Date of Award

January 2015

Document Type

Thesis

Degree Name

Master of Science (MS)

Department

Mechanical Engineering

First Advisor

Clement Tang

Abstract

Engineers are seeking alternatives to conventional heat transfer fluids and in an attempt to improve their thermal transport properties, they added thermally conductive solids into the conventional fluids resulting in a fluid called nanofluid. Nanofluid was suggested as an alternative solution to the problem and many publications reported its potential for heat transfer enhancement. This thesis describes the experimental study of 9.58% by vol. silica/water nanofluid flow through different flow geometries which are circular, hexagonal and rectangular ducts of close hydraulic diameter. The experiments are performed at uniform heat flux condition. The aim of this thesis is to determine experimentally the best duct geometry for optimal thermal performance in nanofluids.

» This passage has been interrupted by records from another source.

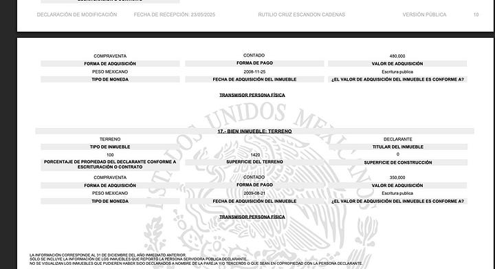Rutilio Escandón, exgobernador de Chiapas y reciente cónsul en Miami, reportó ingresos de 1.5 millones de pesos anuales y 17 propiedades, incluyendo un rancho de 320,000 m²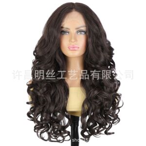 欧美热销假发蓬松yaki大面积前蕾丝长卷发女士假发外贸化纤头套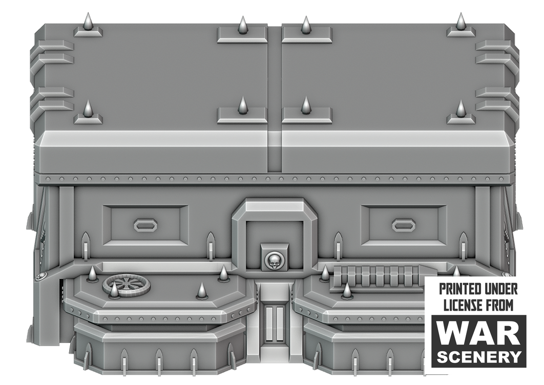 Oplev Vehicle Depot, et detaljeret terræn, der forbedrer dine Grimdark tabletop-spil. Denne del af Apocalypse Fortress-kollektionen skaber en realistisk baggrund med forladte køretøjer og lagerbygninger. Brug det til at introducere dynamiske og strategiske scenarier i dine wargames.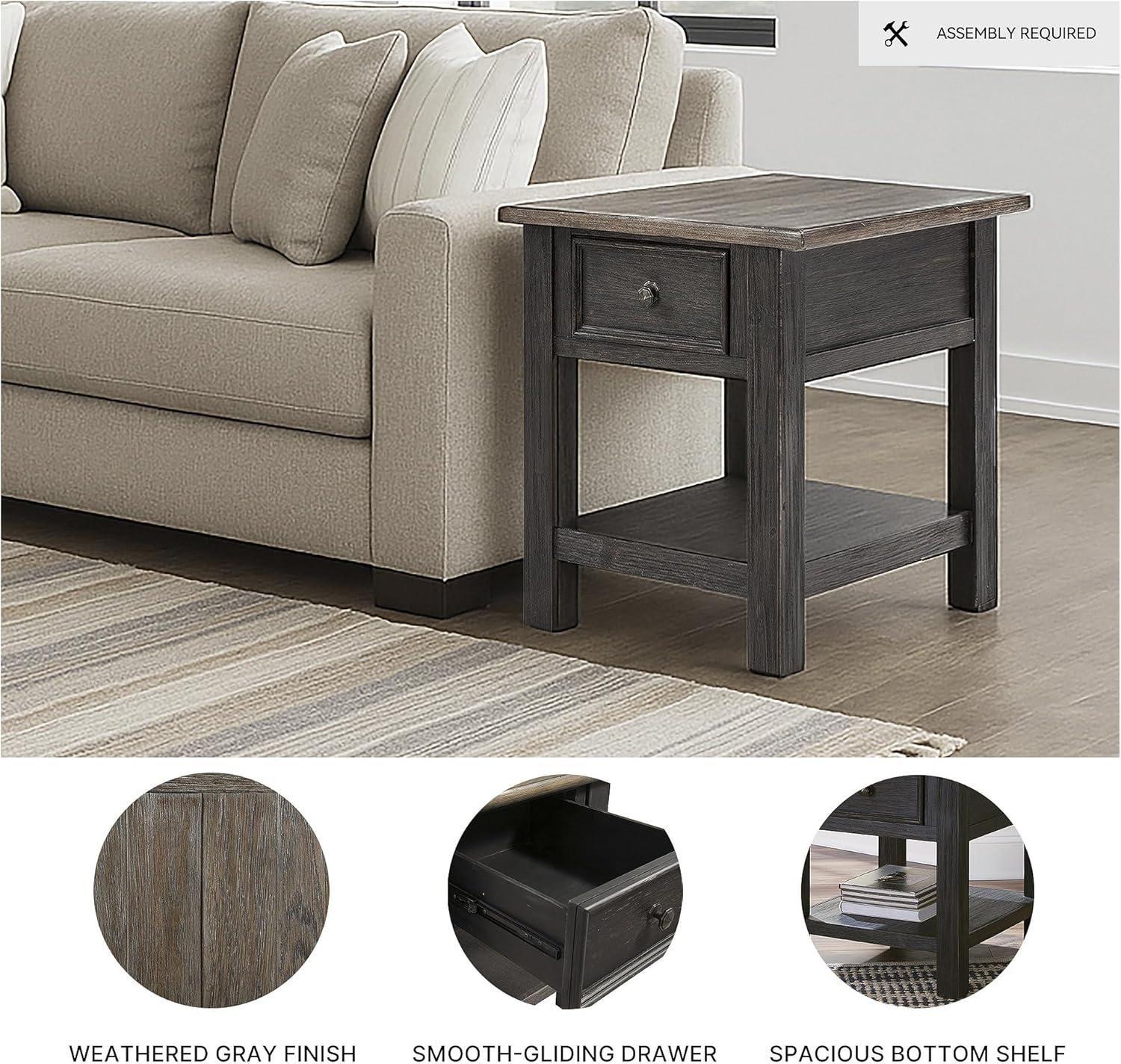 HANDSOMELY CRAFTED: Made of veneers, wood and engineered wood. Designed with a two-tone finish, plank-style weathered brown oak tabletop and smooth-gliding drawer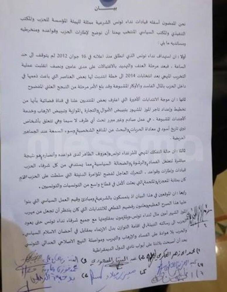 , أن موجة الانتدابات الأخيرة صلب حركة نداء تونس هي من اعداد " تاجر الموز المشهور بتبييض الأموال والارهاب", معبّرين عن رفضهم هذه التوجهات داخل الحزب.وأكدوا الموقعون على البيان أنهم سيواصلون نضالهم حتى يستعيد الحزب عافيته.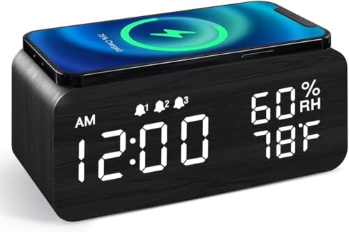 Generic - Digital Alarm Clock with Wireless Charging, LED Display, Temperature and Humidity Monitor, Black
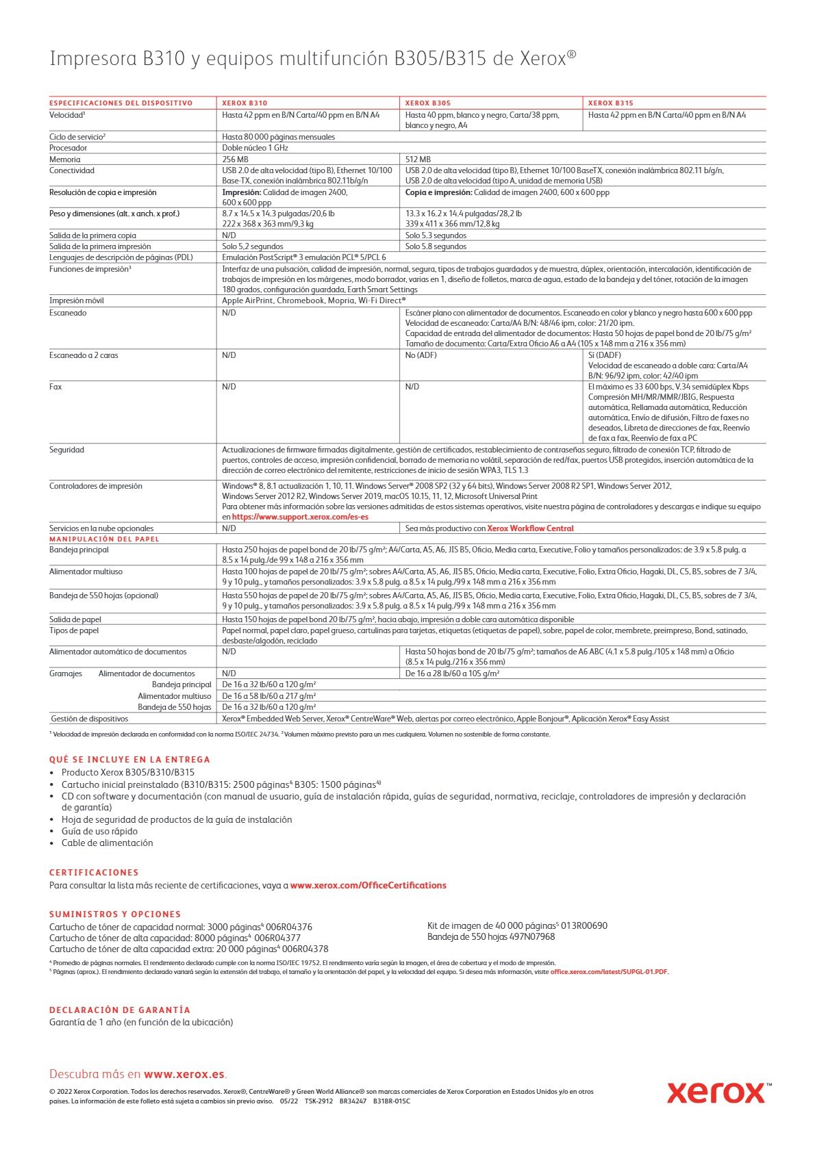 Impresora Láser XEROX B310 / 42 PPM / 600X600 PPP / Monocromática / USB 2.0 Ethernet, Apple AirPrint, Chromebook, Mopria, Wi-Fi / Carta,Oficio / Hogar, Oficina / Color Blanco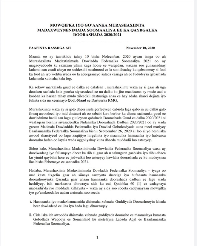 Talaado, November, 10, 2020 (HOL)- Qoraal ka soo baxay qaar ka mid ah musharixiinta u taagan xilka madaxweynaha Soomaaliya ayaa lagu qaadacay ka qeybgalka doorashada 2020-21, iyaga dood ka keenay sida loogu kalsoonaan karo guddiyada ay dowladdu u saartay doorashada.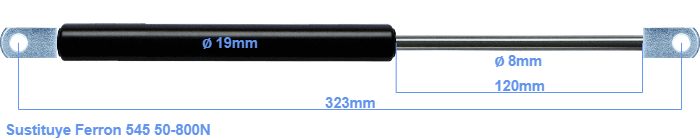 Repuesto para Ferron 545 50-800 Newton. El ojal tiene un grosor de 10mm y un agujero de diámetro 8.1mm. Marca: HAHN, a Stabilus company.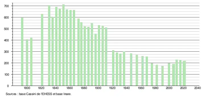 L'évolution du nombre d'habitants est connue à travers les recensements de la population effectués dans la commune depuis 1793. Pour les communes de moins de 10 000 habitants, une enquête de recensement portant sur toute la population est réalisée tous les cinq ans, les populations légales des années intermédiaires étant quant à elles estimées par interpolation ou extrapolation[24]. Pour la commune, le premier recensement exhaustif entrant dans le cadre du nouveau dispositif a été réalisé en 2005[25].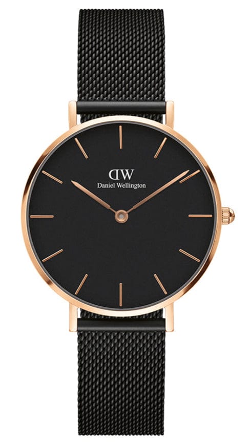 Introducing the Daniel Wellington Petite Ashfield Watch for women - a sleek and stylish timepiece that exudes elegance. With a black dial and matching black mesh bracelet, this watch is perfect for any occasion. Its petite size and minimalist design add a touch of sophistication to any outfit. Elevate your style with DW00100201!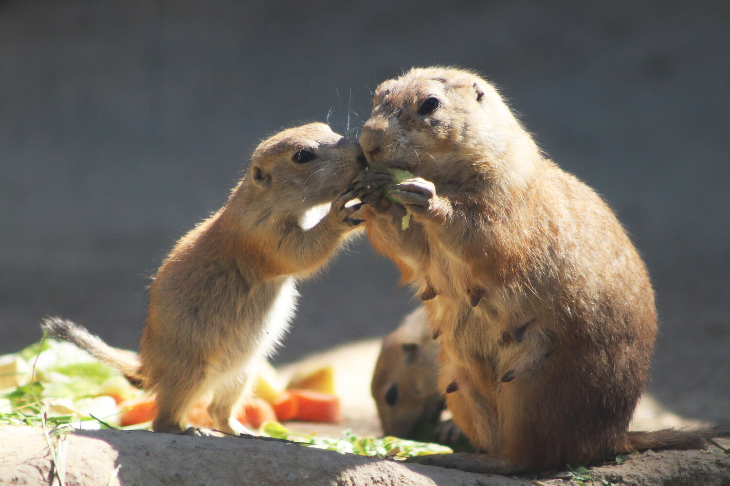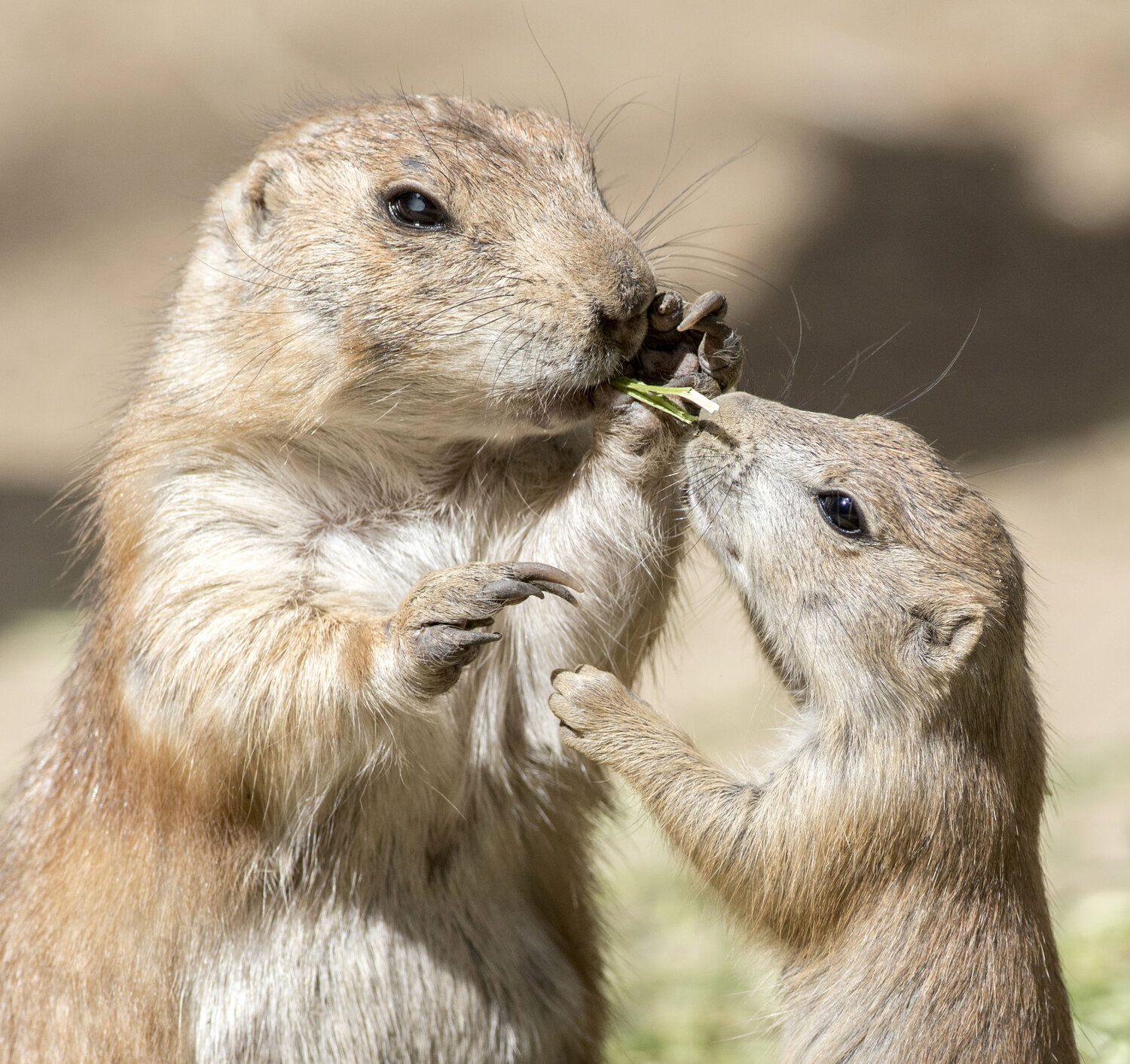 Unterdessen wird im Tierpark fleißig der Sonnengruß geübt: Auch die im Mai geborenen Präriehunde genießen kuschelnd, sonnenbadend und heumümmelnd den Frühsommer. Die putzigen kleinen Sonnenanbeter unterhalten die verzückten Besucher mit tollpatschigen Yogaversuchen. Dabei sind sie nur wenige Zentimeter von ihnen entfernt und es fehlte nicht viel, da würden Sie ihre Gäste auch mit einem liebevollen Nasenstupser begrüßen. In Zeiten strenger Hygiene- und Abstandsregeln natürlich fehlt am Platz - zum Glück sind hier Mensch und Tier durch eine Glasscheibe voneinander getrennt. So können Besucher der Präriehund-Familie auch jetzt ganz nahekommen. Die Erdhörnchen sind auch gegenüber ihren Artgenossen alles andere als zurückhaltend: Mitglieder einer Gruppe begrüßen sich innig mit einer Art Zahn- und Zungenkuss.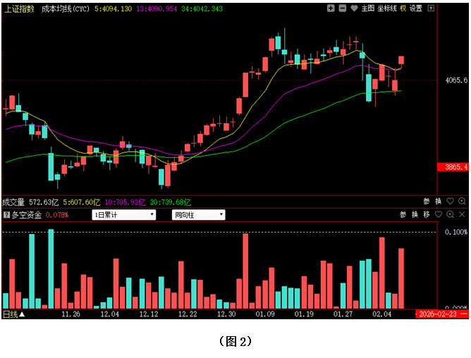 再看图2,今日大盘不仅以高开方式一举夺回5日与13日两条成本均线,而且指数还重新回到了4100点整数关口上方,市场短期走势出现重新转强的迹象。从下方的多空资金来看,今日多空资金为流入状态,且资金流入量较上周五明显放大,说明今日大盘高开之后资金不仅没有趁机逢高减仓,反而在积极进场抢筹。如此一来,市场的短期主动权就被多方牢牢掌控。接下来在春节长假前还有四个交易日,在这四个交易日当中,不必求快,只需求稳。因为只要大盘能够站稳在4100点上方,节后行情就有望依托着下方5日成本均线与13日成本均线的支撑继续向上攀升,甚至不排除指数有冲破4200点的可能。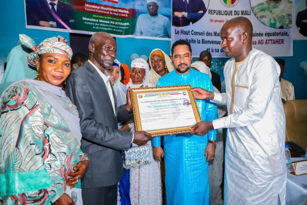Le ministre des Maliens établis à l’Extérieur et de l’Intégration africaine, M. Mossa AG ATTAHER, a rencontré, ce lundi 30 mars 2026, la communauté malienne établie dans la ville de Bata, en Guinée équatoriale. Dès son arrivée, le Ministre a été accueilli avec une ferveur remarquable par ses compatriotes. Cette mobilisation significative s’est poursuivie au Centre culturel de Bata, cadre choisi pour des échanges directs et ouverts, en présence de ressortissants des pays membres de la Confédération des États du Sahel (AES), illustrant l’esprit de solidarité qui unit les peuples de cet espace. Au cours de cette rencontre d’écoute, les représentants de la communauté ont exprimé leur reconnaissance à l’endroit des plus hautes autorités du Mali pour l’attention constante accordée à la diaspora. Ils ont, en outre, salué l’engagement du Ministre depuis sa prise de fonction, mettant en exergue les progrès réalisés dans la gestion des préoccupations des Maliens établis à l’extérieur. Les échanges ont permis d’aborder, sans détour, plusieurs préoccupations majeures des compatriotes, notamment celles liées à l’accès aux documents administratifs et de voyage, ainsi qu’aux conditions d’organisation des retours volontaires dans la dignité et la sécurité. Le Ministre a assuré que ces préoccupations font l’objet d’un suivi attentif, dans une dynamique visant à améliorer continuellement les services apportés à la diaspora. Profitant de cette tribune, M. Mossa AG ATTAHER a également partagé des informations relatives à l’évolution de la situation nationale, tout en appelant à la vigilance face aux campagnes de désinformation visant les pays de la Confédération des États du Sahel. Il a réaffirmé la détermination des autorités maliennes à œuvrer pour la stabilité, la sécurité et la défense des intérêts supérieurs de la Nation. Par ailleurs, le Ministre a invité ses compatriotes à renforcer la cohésion au sein de leur communauté, à promouvoir l’unité et à faire preuve d’exemplarité dans le respect des lois et règlements du pays d’accueil. Il a rappelé, à cet effet, que la diaspora constitue un levier essentiel du rayonnement du Mali et un acteur clé de son développement. À l’issue de la rencontre, le Ministre s’est réjoui des différentes marques de considération exprimées par la communauté, notamment à travers la remise d’une attestation de reconnaissance ainsi que de présents symboliques, témoignages de la confiance et de l’estime portées à son action. Cette étape à Bata s’inscrit dans la volonté constante des autorités maliennes de renforcer la proximité avec leurs ressortissants établis à l’extérieur, dans un esprit d’écoute, de dialogue et de responsabilité partagée, au service du développement national. MMEIA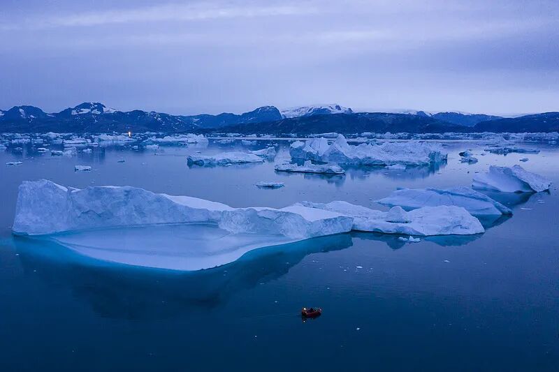 △当地时间2019年8月15日,格陵兰东部,一艘船在夜晚航行在巨大的冰山旁边。

The effect of the cross-section of the flow geometry on the enhancement capability of nanofluid is the focus of this research and four different geometries of relatively equal hydraulic diameters were studied. This study compares the result from the different duct geometries in order to identify the best flow channel for optimal heat transfer using nanofluids. Based on the test data, the thermal performance comparisons are made under three constraints (similar mass flow rate and Reynolds number). It was observed from the comparisons that the rectangular duct showed the highest heat transfer capability through a higher Nusselt number and heat transfer coefficients at for the silica/water nanofluid flow. The circular duct was next to the rectangular duct in thermal performance. There was no significant change in friction factor between the ducts for both water and nanofluid flow.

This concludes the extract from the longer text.